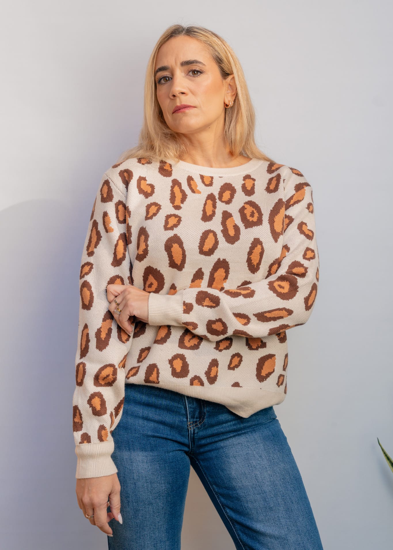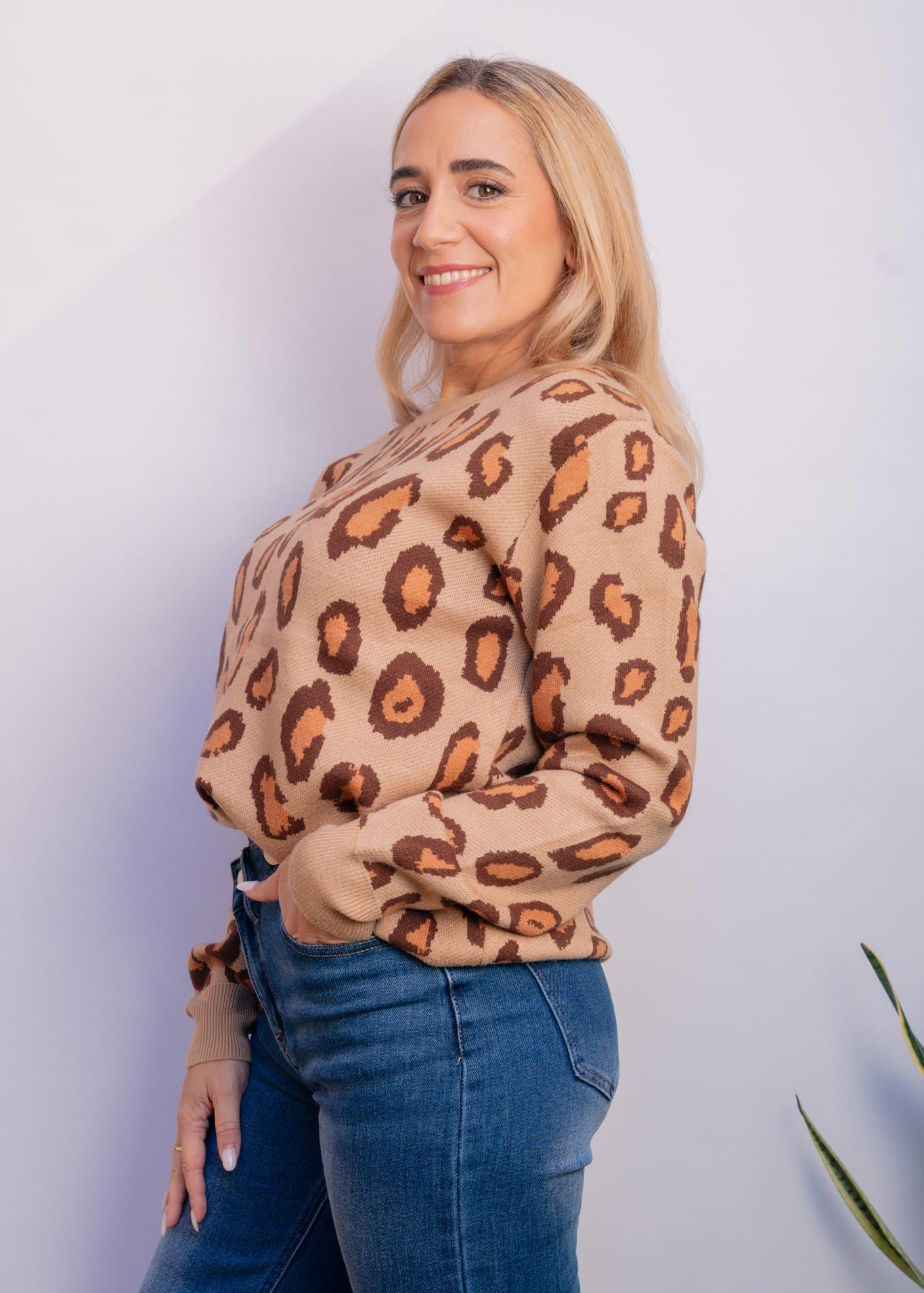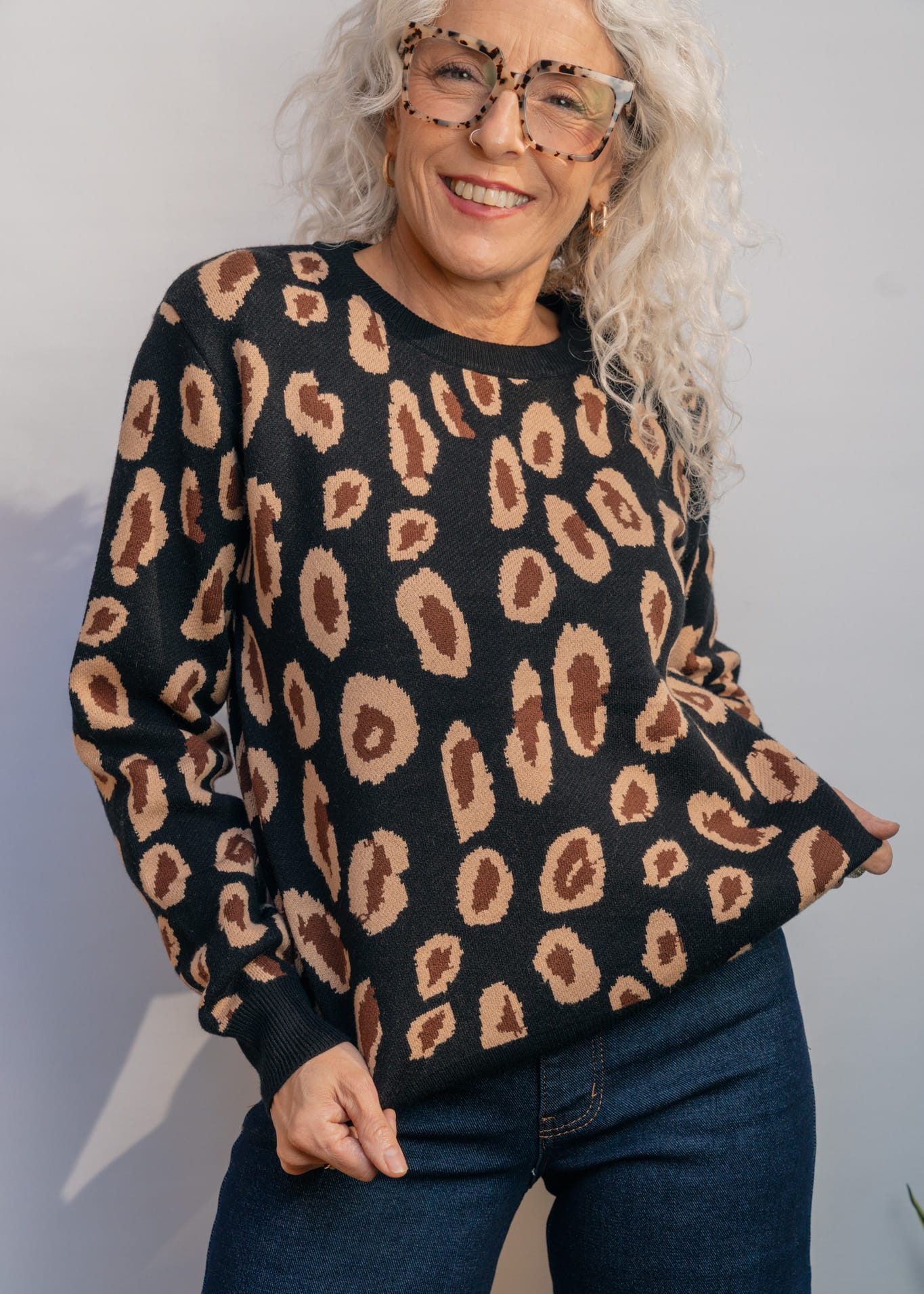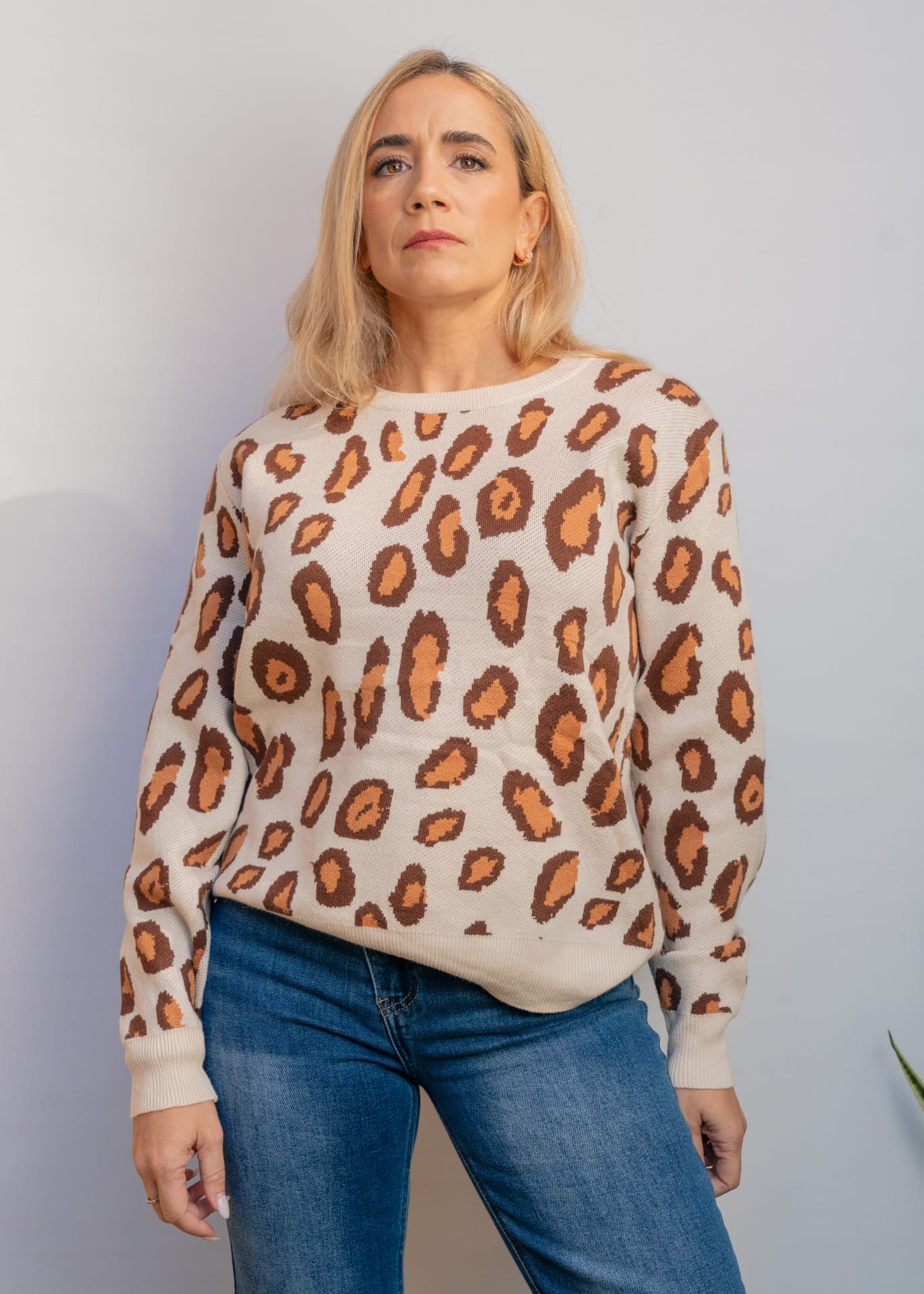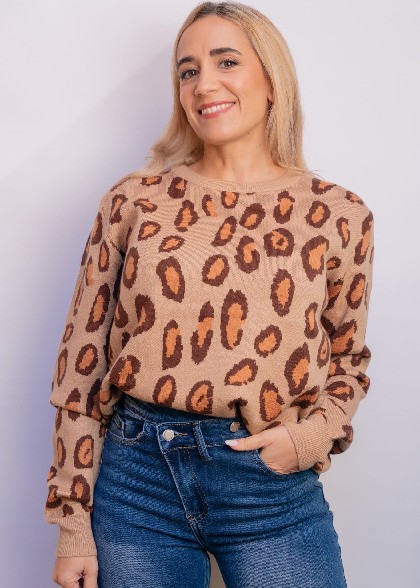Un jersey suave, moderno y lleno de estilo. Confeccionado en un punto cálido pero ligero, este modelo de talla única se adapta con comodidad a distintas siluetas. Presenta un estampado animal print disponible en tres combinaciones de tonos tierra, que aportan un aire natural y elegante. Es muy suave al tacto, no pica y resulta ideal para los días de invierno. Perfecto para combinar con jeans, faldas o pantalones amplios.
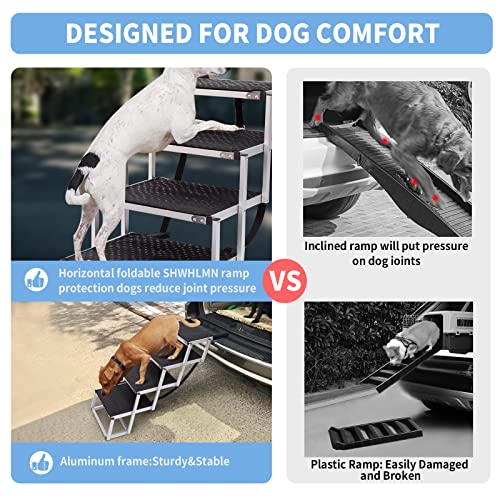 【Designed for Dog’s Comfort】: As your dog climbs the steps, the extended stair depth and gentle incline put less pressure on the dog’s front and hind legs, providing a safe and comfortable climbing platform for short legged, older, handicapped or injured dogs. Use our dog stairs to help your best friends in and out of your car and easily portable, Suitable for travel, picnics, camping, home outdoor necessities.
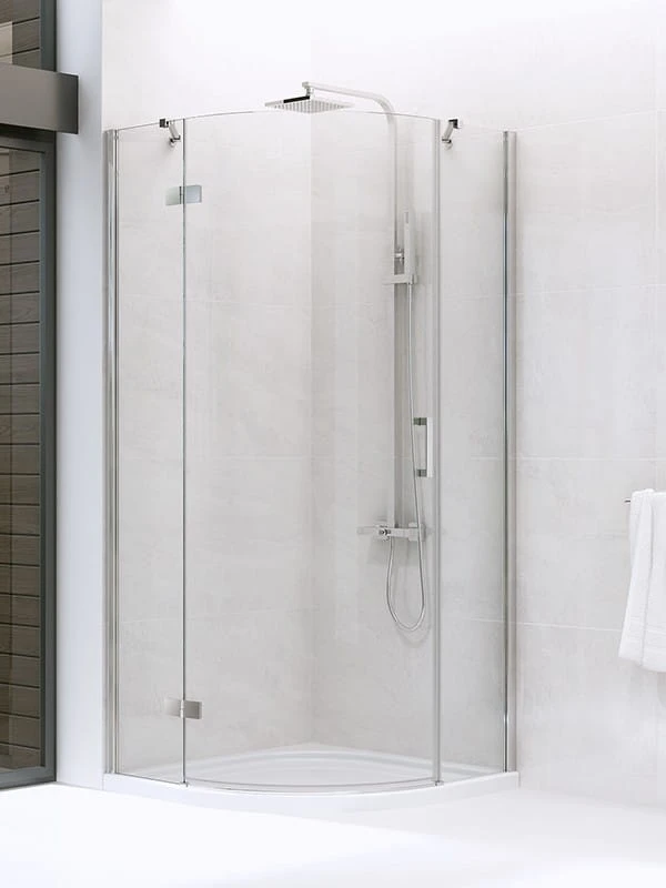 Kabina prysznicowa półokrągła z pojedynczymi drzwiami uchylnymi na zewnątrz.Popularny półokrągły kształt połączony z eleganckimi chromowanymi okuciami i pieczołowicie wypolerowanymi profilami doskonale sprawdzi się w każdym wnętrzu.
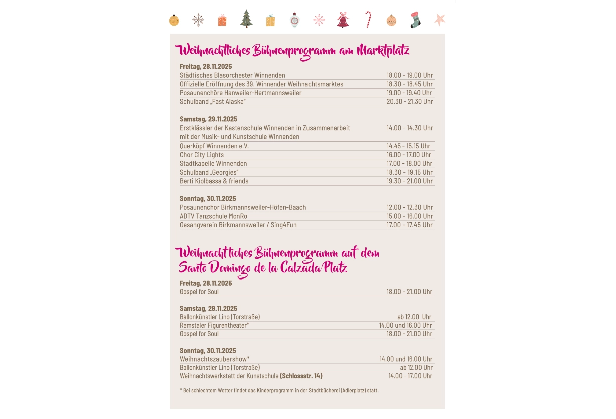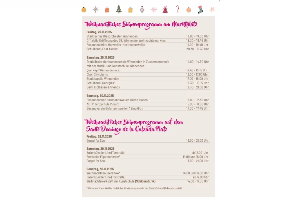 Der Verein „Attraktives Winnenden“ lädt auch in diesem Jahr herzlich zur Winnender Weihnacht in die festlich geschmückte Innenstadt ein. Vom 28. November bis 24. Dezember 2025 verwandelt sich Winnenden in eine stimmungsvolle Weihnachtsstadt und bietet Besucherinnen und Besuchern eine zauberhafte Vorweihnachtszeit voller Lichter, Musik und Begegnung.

# # #

__Exercise brief__. From the material above, print everything exactly except the pictures.

__Exercise response__.
Un jersey suave, moderno y lleno de estilo. Confeccionado en un punto cálido pero ligero, este modelo de talla única se adapta con comodidad a distintas siluetas. Presenta un estampado animal print disponible en tres combinaciones de tonos tierra, que aportan un aire natural y elegante. Es muy suave al tacto, no pica y resulta ideal para los días de invierno. Perfecto para combinar con jeans, faldas o pantalones amplios.
 【Designed for Dog’s Comfort】: As your dog climbs the steps, the extended stair depth and gentle incline put less pressure on the dog’s front and hind legs, providing a safe and comfortable climbing platform for short legged, older, handicapped or injured dogs. Use our dog stairs to help your best friends in and out of your car and easily portable, Suitable for travel, picnics, camping, home outdoor necessities.
 Kabina prysznicowa półokrągła z pojedynczymi drzwiami uchylnymi na zewnątrz.Popularny półokrągły kształt połączony z eleganckimi chromowanymi okuciami i pieczołowicie wypolerowanymi profilami doskonale sprawdzi się w każdym wnętrzu.
 Der Verein „Attraktives Winnenden“ lädt auch in diesem Jahr herzlich zur Winnender Weihnacht in die festlich geschmückte Innenstadt ein. Vom 28. November bis 24. Dezember 2025 verwandelt sich Winnenden in eine stimmungsvolle Weihnachtsstadt und bietet Besucherinnen und Besuchern eine zauberhafte Vorweihnachtszeit voller Lichter, Musik und Begegnung.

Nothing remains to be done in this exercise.